# Homemade Wax Experiment



## Grant-s3 (Oct 13, 2013)

Hi there. 

Right I thought I'd have a go at making some wax as I've spend lots of time in here reading about others doing it so I thought I'd have a go. :lol:

After researching all the different solvents , waxes and oils I can use I narrowed it down to a few that i think will work. I started off using Carnauba wax along with 76 degree coconut oil and a solvent. After making a mix containing about 30% carnauba I've set it aside to cool. Tomorrow after work I will clay my bonnet then apply it. Give you a few pics and video of how this turned out. I've tried to upload a few pictures of it being made but unable to on my iphone. Any ideas how I can do this ??:newbie:

Thanks.


----------



## Grant-s3 (Oct 13, 2013)

Heres the first pour. i might need to warm the tin slightly as it started to set as soon as it hit the bottom. Maybe sit them in water so it can gradually cool. 

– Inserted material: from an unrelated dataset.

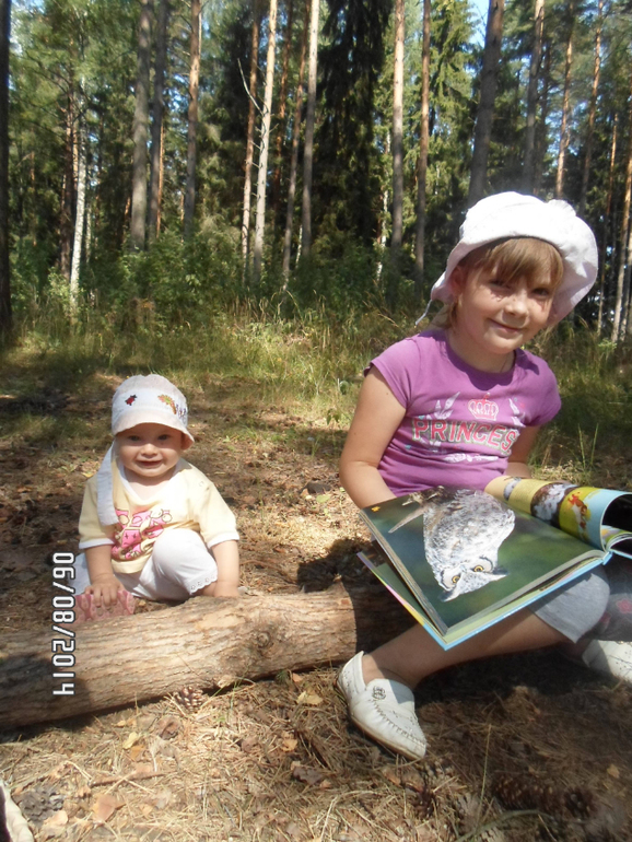 прогулкиЕщё в начале лета мы с племянницей Лизой ходили в лес, были недолго, поскольку пришли туда спонтанно.Лиза разглядывала экциклопедию животных. Веста тренеровала моторику в лесной подстилке, а я наслаждалась видами, тишиной и свежим воздухом.

Another angle of it setting.


















It was pitch black outside so no time to try it on the car, had a quick test on a CD. It was okay to apply but was a little to hard. Was sligtly oily so will mess about with the solvent level see if i can sort that.


----------



## Grant-s3 (Oct 13, 2013)

Okay I managed to get some pictures today before it got dark. Applied it to half the bonnet to give a comparison. It spread fairly well with a moist applicator pad. Drying time was good and never had and problems taking it off. Just came off with a quick buff. :lol:










Nice reflection once buffed off. Left a very smooth finish.










The beading was pretty good. Water just slid off when sprayed with the hose. Very happy with this for a first attempt. 










Now I have an okay base I will start to tweak it. Try get the wax a little softer and try improve the drying time. I will combine the carnuba wax with other such as bees and candelilla to see how I can improve this.:speechles


----------



## cipriani (Oct 9, 2014)

Nice one mate, Im on batch 9 and only started brewing 3 days ago. Gets addictive!


----------



## Grant-s3 (Oct 13, 2013)

It certainly does. It's great fun experimenting with different oils and waxes to see how it turns out. I have lots of things on order so hopefully get another made today and Monday.


----------